A recent study on political dynasties by the Asian Institute of Management Policy Center is revealing in that it demonstrates a link between poverty and the prevalence of political dynasties in an area. According to the Center’s director, Ronald Mendoza, the study indicates that higher poverty incidence increases the chance for dynasties “to grow and dominate the political positions” of an area such as Maguindanao.
“There seems to be strong positive evidence that if you have more poverty, the chances are you will have more ‘fat dynasties,’” Mendoza said.
“Fat dynasties,” he explains, refer to political dynasties that expand sideways to occupy multiple elective positions for a certain period of time.
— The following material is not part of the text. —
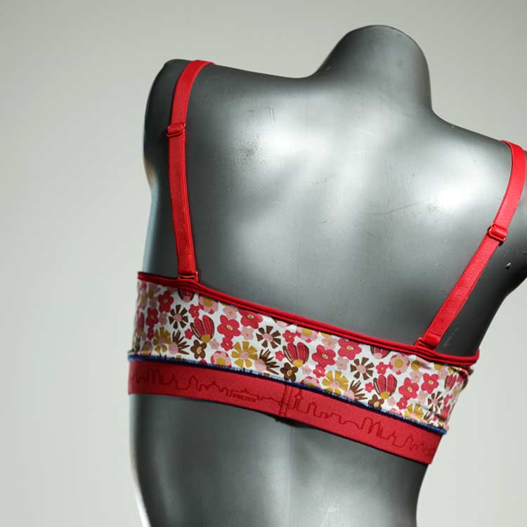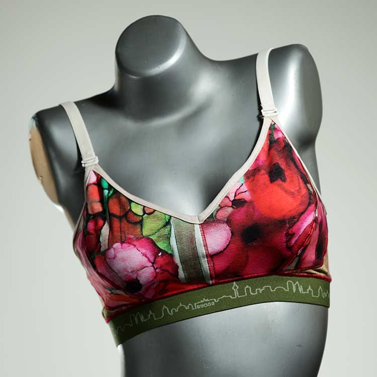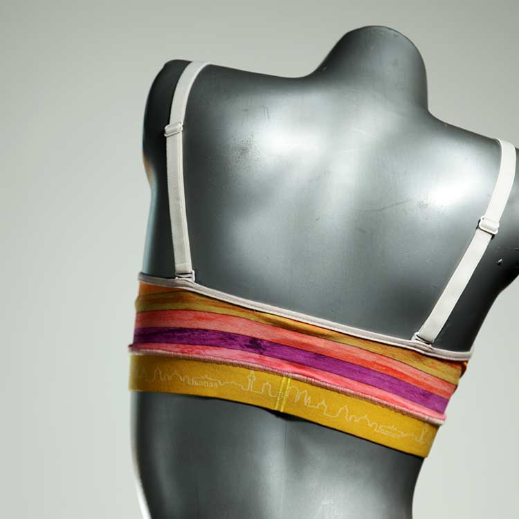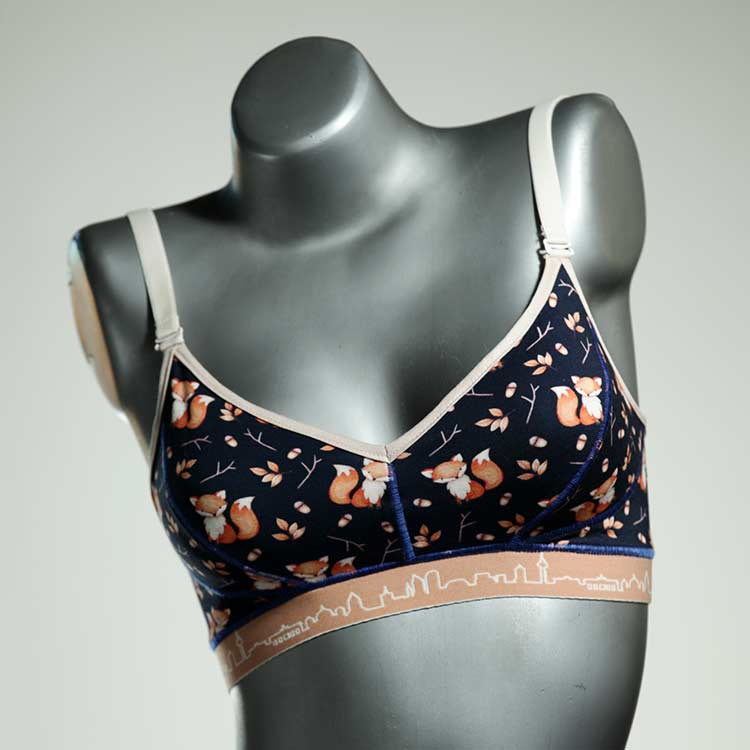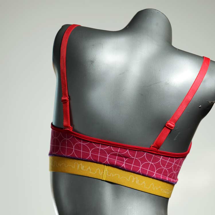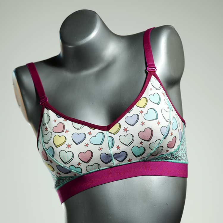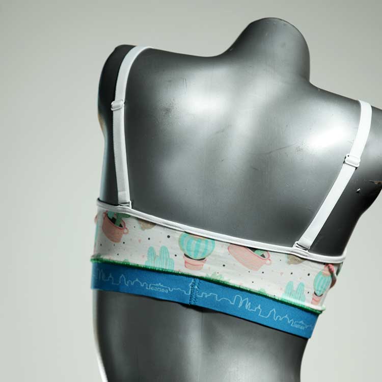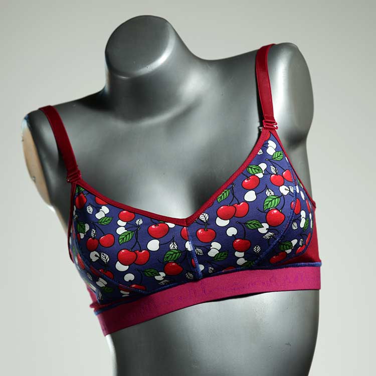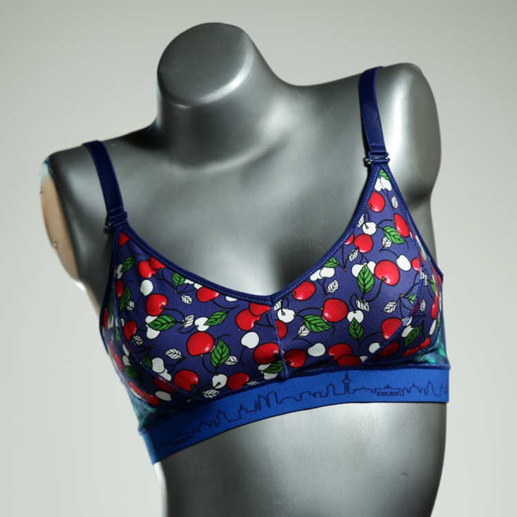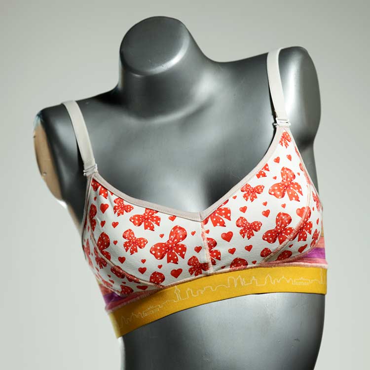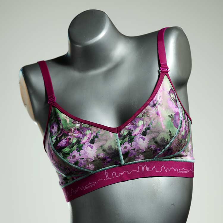 Knuffelzachte bh's van ademende katoenen jersey met unieke designs. Echte one-of-a-kind stukken die we hebben ontworpen naar uw wensen. Draadloos, zonder kussen of sluiting, ze zijn comfortabel om te dragen en passen zich perfect aan je lichaam aan. De bandjes zijn 16 mm breed, de cups zijn dubbellaags en aan de binnenkant gemaakt van biologisch katoen. Bh's van Berlin Underwear zijn niet in de eerste plaats sexy, ze moeten comfortabel zijn. Ze zijn ook geschikt als voedingsbeha.

This type of dynasty, which Mendoza says is increasing in number, is an evolution of the thinner variety where an elective position is merely handed over from one relative to another.
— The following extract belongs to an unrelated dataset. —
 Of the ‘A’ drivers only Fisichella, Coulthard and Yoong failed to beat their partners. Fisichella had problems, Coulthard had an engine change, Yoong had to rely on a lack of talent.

Mendoza says that in Maguindanao, the Ampatuans are the fattest dynasty of all, holding 16 out of the 54 elective positions held by members of political clans after the 2010 elections. The Ampatuans are followed by the Midtimbangs, with whom they are related by marriage, with seven positions, and then the Ampatuans’ rival, the Mangudadatus with five positions.
In the case of a fat dynasty that is in Maguindanao, Mendoza says that there are potentially two failures: “One is, is the power to choose who should be the leader of a municipality still with the people? If the dynasty is fat, it has a lot of resources in its grip, and there is a lot more power that it can apply to that jurisdiction. So you begin to wonder, where is power residing? Is it still in the electorate, or in the dynasty that has entrenched itself?”
Continues Mendoza: “The second potential failure in terms of governance and democracy is, if you are all related, will you still exert the same checks and balances in the system? If the mayor sees that his dad the governor is doing something wrong, would he be able to tell his father off?”
“The saying is a cliché, that blood is thicker than water,” says Mendoza. “But in many places the party system is so weak that what they replace with the party system is a family-oriented system where family members are invited into power. Some of them are trying to rationalize it by saying they are helping each other out to govern a region. But even if they are the cleanest leaders around, there is an awkwardness to it.”
For all the problems that political clans and dynasties bring up, however, the most alarming is the impact they have in shaping the point of view of the constituency, the people they are supposed to serve. Zainudin Malang, director of the Mindanao Human Rights Action Center based in Cotabato, says that more and more communities now measure their appreciation of their clan leaders in terms of who oppresses them less, instead of who serves them more. It is the ultimate corruption of the concept of the public servant.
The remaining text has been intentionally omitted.